── Data section ──
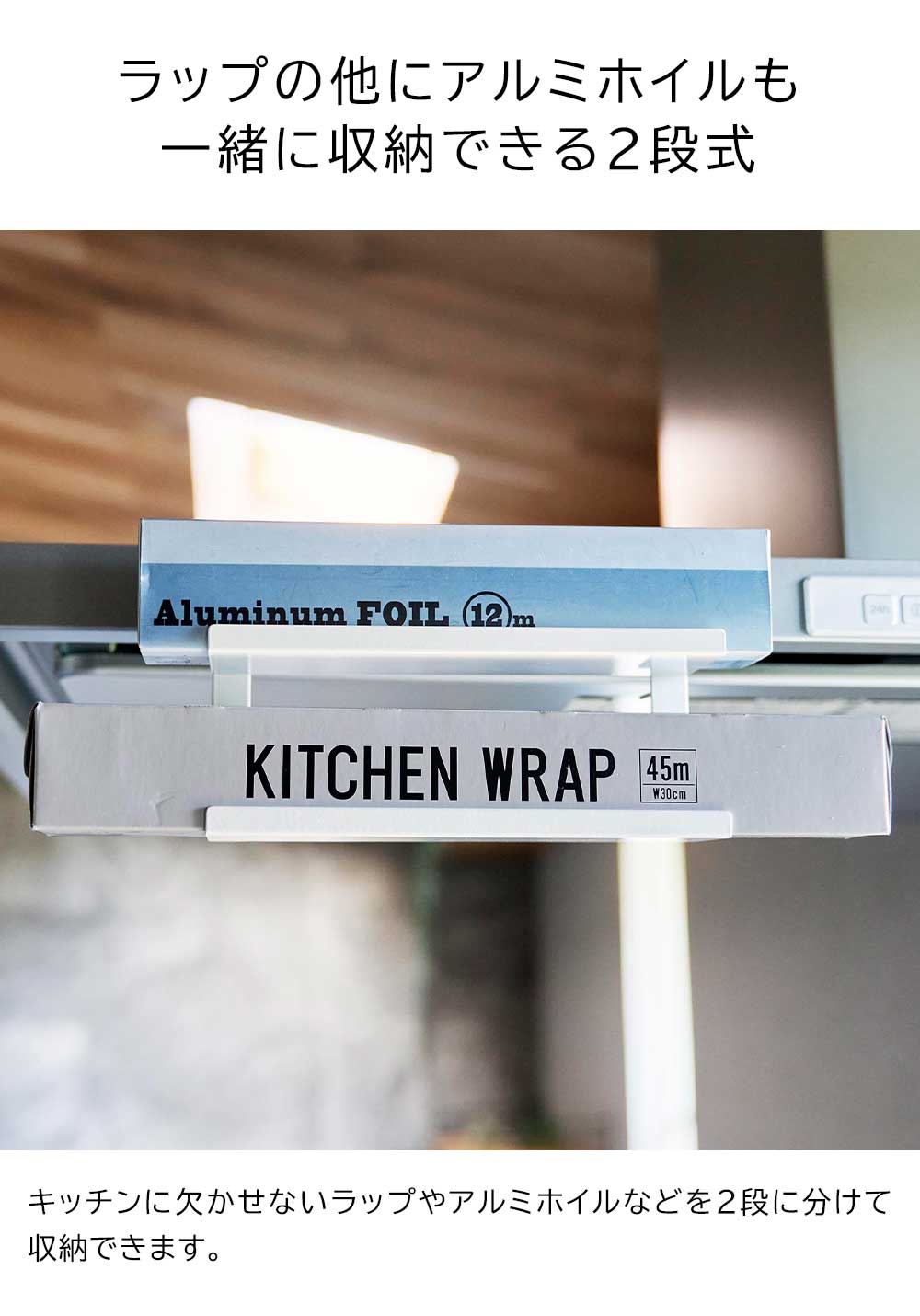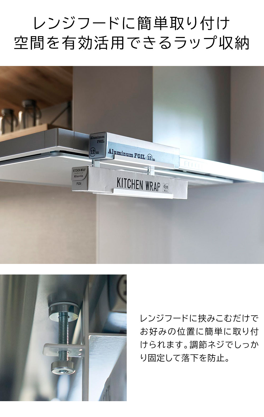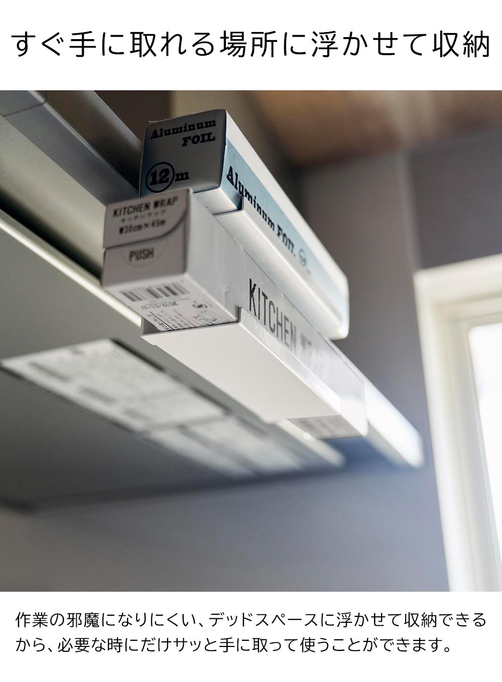 レンジフードに簡単取り付け レンジフード横のスペースを有効活用できるラップホルダーです。 サイズ違いのラップやアルミホイルなど、よく使う物を2段に分けて収納できます。 浮かせて収納するので邪魔にならず、必要な時にはサッと手に取れるのでスムーズな動線が生まれます。 レンジフードに挟み込んで、調節ネジでしっかりと固定できるから落下の心配もありません。 ![]() ![]() ![]() ![]() ![]() ![]() ![]() ![]() |
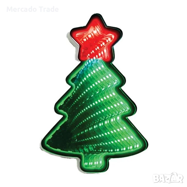 Коледна декоративна гирлянда с 5 огледални лампички във формата на елха. Вътре има зелени и червени светодиоди, които светят по такъв начин, че придават на лампата усещане за безкрайност.
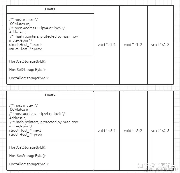 数据区的真实创建需要用到下面的结构体Host,我理解它是一种钥匙,上电时会预分配一些host对象,创建host对象时,并非只分配sizeof(host),而是多分配出若干个void *,这个数量和注册storage数据区一致。后面这个host通过偏移sizeof(host)+id,这样就能找到各个数据区了,每个host都会分配自己的数据区,彼此不干扰。因为,Host对象是加锁的,所以取得host时会有HostGetHostFromHash和HostRelease的操作。
───
◆ About this task ◆
Skip the pictures, then retype every line above exactly.

◆ Exercise answer ◆
 レンジフードに簡単取り付け レンジフード横のスペースを有効活用できるラップホルダーです。 サイズ違いのラップやアルミホイルなど、よく使う物を2段に分けて収納できます。 浮かせて収納するので邪魔にならず、必要な時にはサッと手に取れるのでスムーズな動線が生まれます。 レンジフードに挟み込んで、調節ネジでしっかりと固定できるから落下の心配もありません。 ![]() ![]() ![]() ![]() ![]() ![]() ![]() ![]() |
 Коледна декоративна гирлянда с 5 огледални лампички във формата на елха. Вътре има зелени и червени светодиоди, които светят по такъв начин, че придават на лампата усещане за безкрайност.
 数据区的真实创建需要用到下面的结构体Host,我理解它是一种钥匙,上电时会预分配一些host对象,创建host对象时,并非只分配sizeof(host),而是多分配出若干个void *,这个数量和注册storage数据区一致。后面这个host通过偏移sizeof(host)+id,这样就能找到各个数据区了,每个host都会分配自己的数据区,彼此不干扰。因为,Host对象是加锁的,所以取得host时会有HostGetHostFromHash和HostRelease的操作。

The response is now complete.